CB Insights' 'The Top Reasons Startups Fail' report, which analyzed post-mortems from over 110 startup failures, consistently identifies no market need as the single most common reason — cited in 42% of cases. Running out of cash is second (29%), followed by not having the right team (23%), getting outcompeted (19%), and pricing or cost issues (18%). The Startup Genome Project's research adds important nuance: premature scaling — expanding operations, hiring, and spending before achieving product-market fit — is the single most common pattern in startup failure, underlying many of the specific reasons listed above. Their analysis found that companies that scale prematurely are 2.3x more likely to fail than those that scale after reaching product-market fit.
Do VC-backed startups fail more or less than bootstrapped startups?
VC-backed and bootstrapped startups fail for different reasons and at different rates, making direct comparison complex. Venture-funded startups have higher absolute survival rates in their first 1-3 years because funding provides runway. However, VC-backed startups face a higher-stakes definition of 'failure': a company that generates modest sustainable profits and employs 20 people indefinitely would be considered a failure by venture capital standards (insufficient returns), while bootstrapped founders might consider it a success. Data from First Round Capital's analysis of its own portfolio and published academic research suggests approximately 10-15% of VC-funded startups achieve the strong exits (IPO or acquisition over 10x invested capital) that produce meaningful venture returns. Most of the remainder return some capital, shut down, or operate indefinitely at sub-scale.
Which industries have the highest and lowest startup failure rates?

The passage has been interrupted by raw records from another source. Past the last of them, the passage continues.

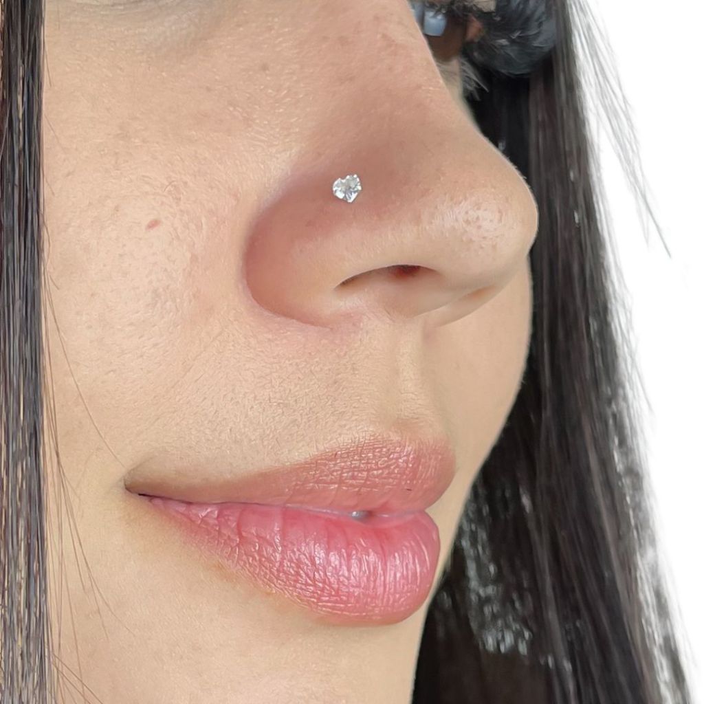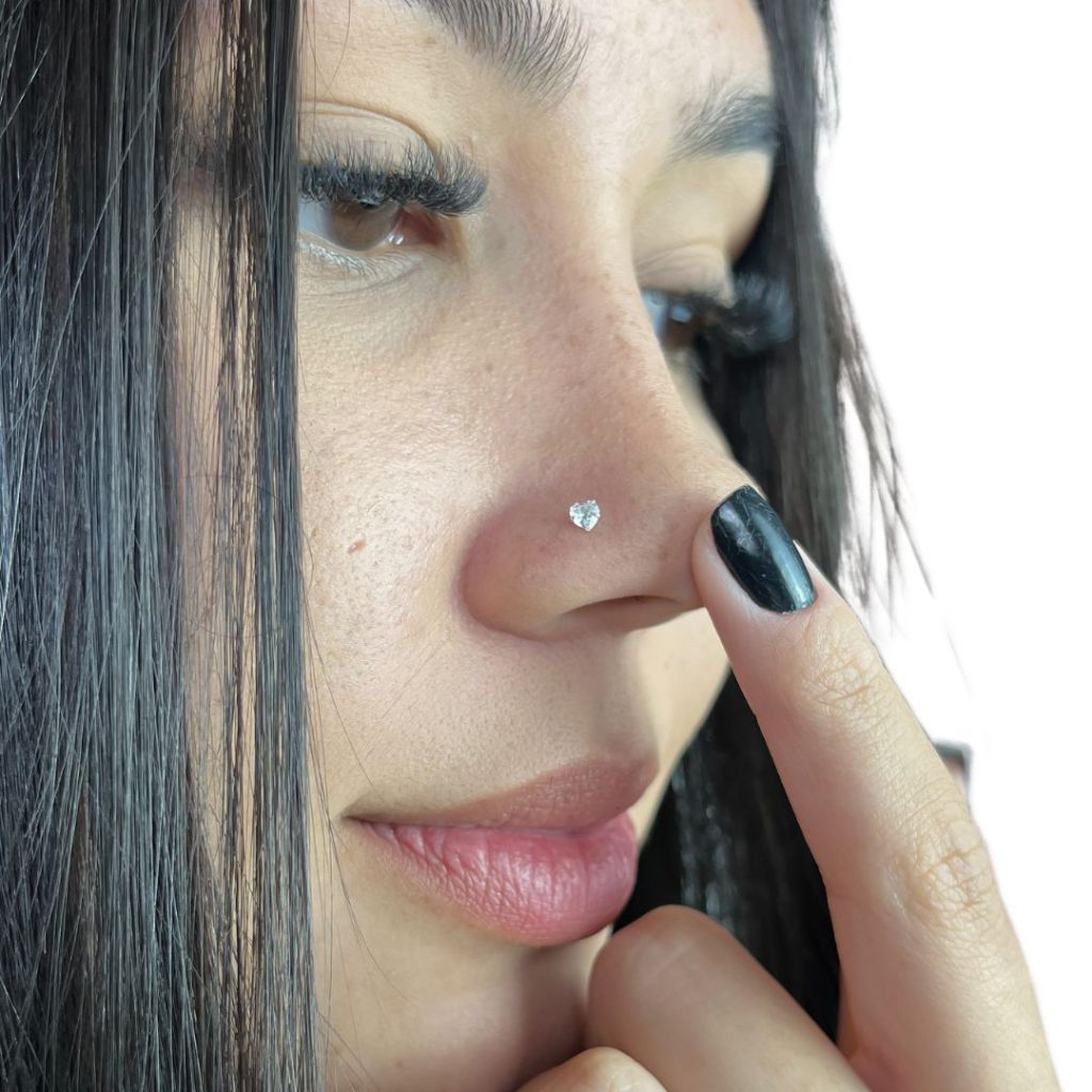 Piercing de Nariz Ponto de Luz Coração Prata 925 Zircônia Coração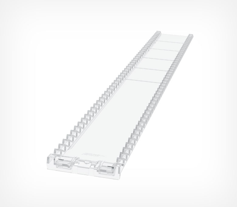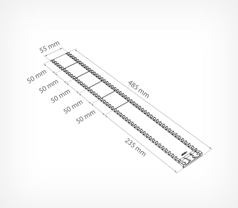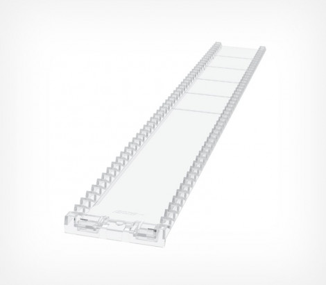 Крепление "Лесенка" служит для фиксации пластиковых опор, защелкивается на L-образном либо Т-образном профиле. Мелкие частые гребни расположены с одинаковым шагом, что позволяет соблюдать дистанцию между впереди стоящим и последующим товаром, и предотвращает падение товара.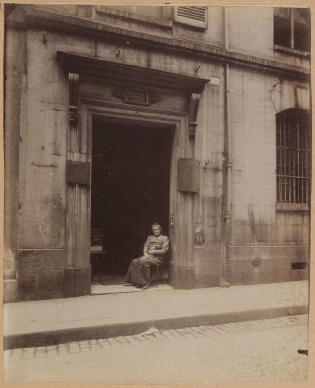 и магазины с витринами. Он фотографировал лестничные клетки и архитектурные детали фасадов, фотографировал интерьеры квартир.Его интерес распространялся и на окрестности Парижа. Помимо архитектуры и городской среды, он также фотографировал уличных торговцев, мелких торговцев, сборщиков тряпья и проституток, а также ярмарки и народные увеселения в различных районах. Окраины и периферийные районы, в которых искали убежища бедняки и бездомные, также давали ему живописные сюжеты.

Industry significantly affects startup survival. BLS data shows that construction, transportation, and retail have the highest 5-year failure rates, consistently above 50%. Information technology and professional services startups show slightly better survival rates, approximately 40% failure within 5 years. Healthcare and pharmaceutical startups have high capital requirements but benefit from regulatory barriers to competition once established — successful healthtech companies show high retention. Restaurant startups are frequently cited as having very high failure rates; the actual data puts approximately 60% of independent restaurants out of business within 5 years, though this is lower than the 90% figure often cited in food media. SaaS (software as a service) startups with established recurring revenue show significantly better survival rates than consumer app startups, where hit-driven economics dominate.

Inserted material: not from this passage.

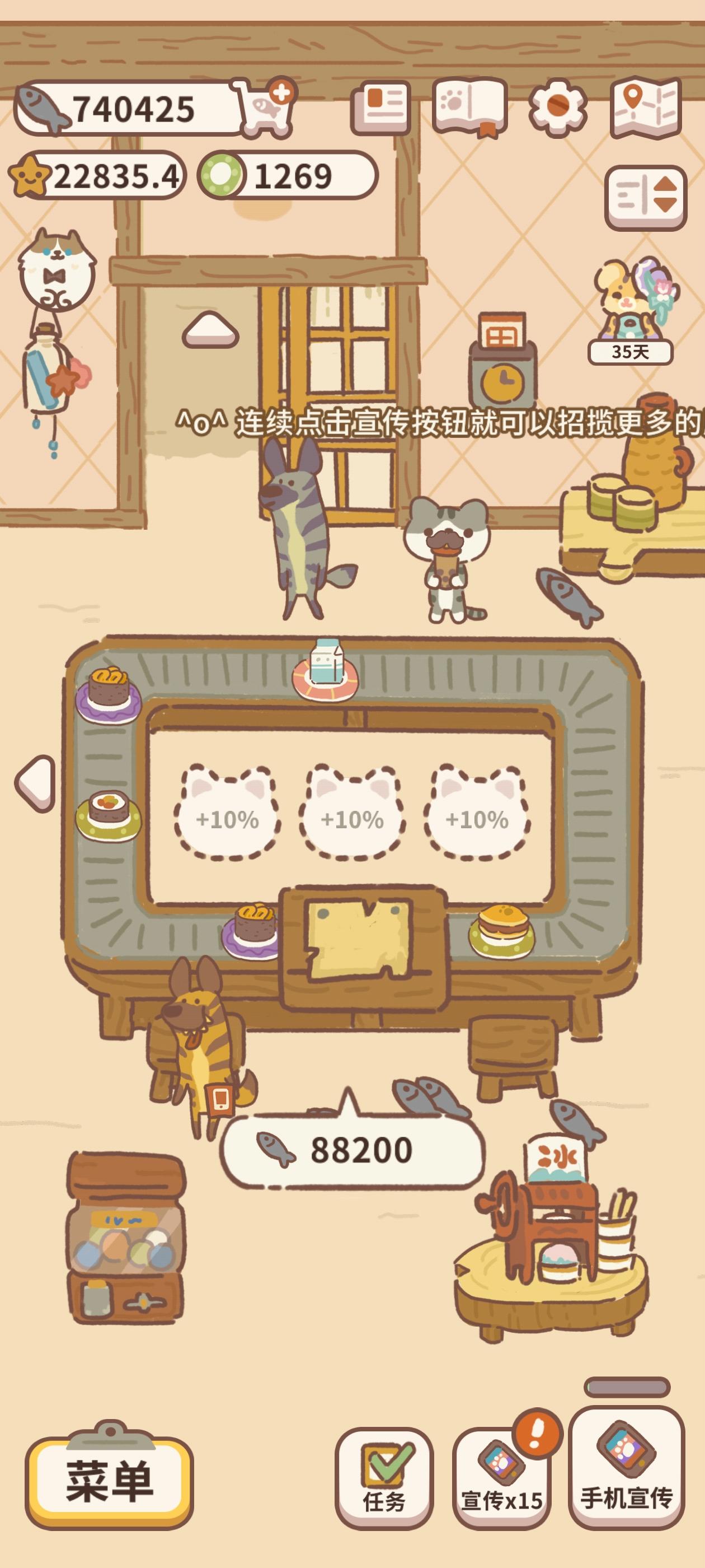 前期鱼干收益最高的两个地方毋庸置疑小费和自助餐厅但是她们都需要加一个特定小费需要看广告领双倍而自助餐厅需要招好友来自己家打工一个好友增加百分之十收益最多三个也就是最多百分之三十的加成另外游戏可以慢节奏玩儿不用赶着走再一个购买前可以注意一下鱼干收益不是贵的就是好的(每个家具的收益都是会叠加的只要购买了就会叠加滋好比桌子有六个一号桌买了五个就是叠加五个二号桌买了三个就叠加三个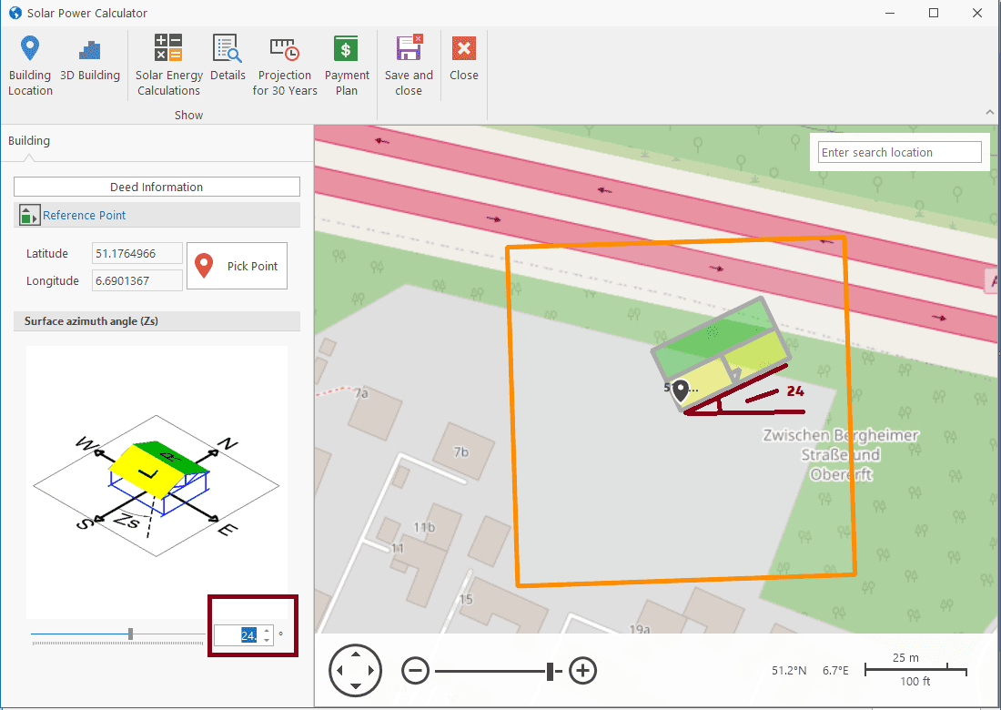 Step-1: Therefore, first of all, we tick the option there are solar panels on the roof and the we select the location of the building on the world from the map.

What factors most predict startup survival?
Multiple studies identify several consistent predictors of startup survival. Founder experience is the strongest single predictor: second-time founders succeed at approximately 30% higher rates than first-time founders with no prior startup experience, per research published in Harvard Business Review. Market size and timing matter significantly — companies addressing markets that are growing, rather than trying to displace entrenched players in flat markets, show higher survival rates. Team composition predicts success more reliably than idea quality: startups with complementary co-founders (technical plus commercial) outperform solo founders and single-skill founding teams. Profitability orientation — defined as reaching breakeven or near-breakeven before raising external capital — predicts survival better than the amount of capital raised, per Startup Genome Project data.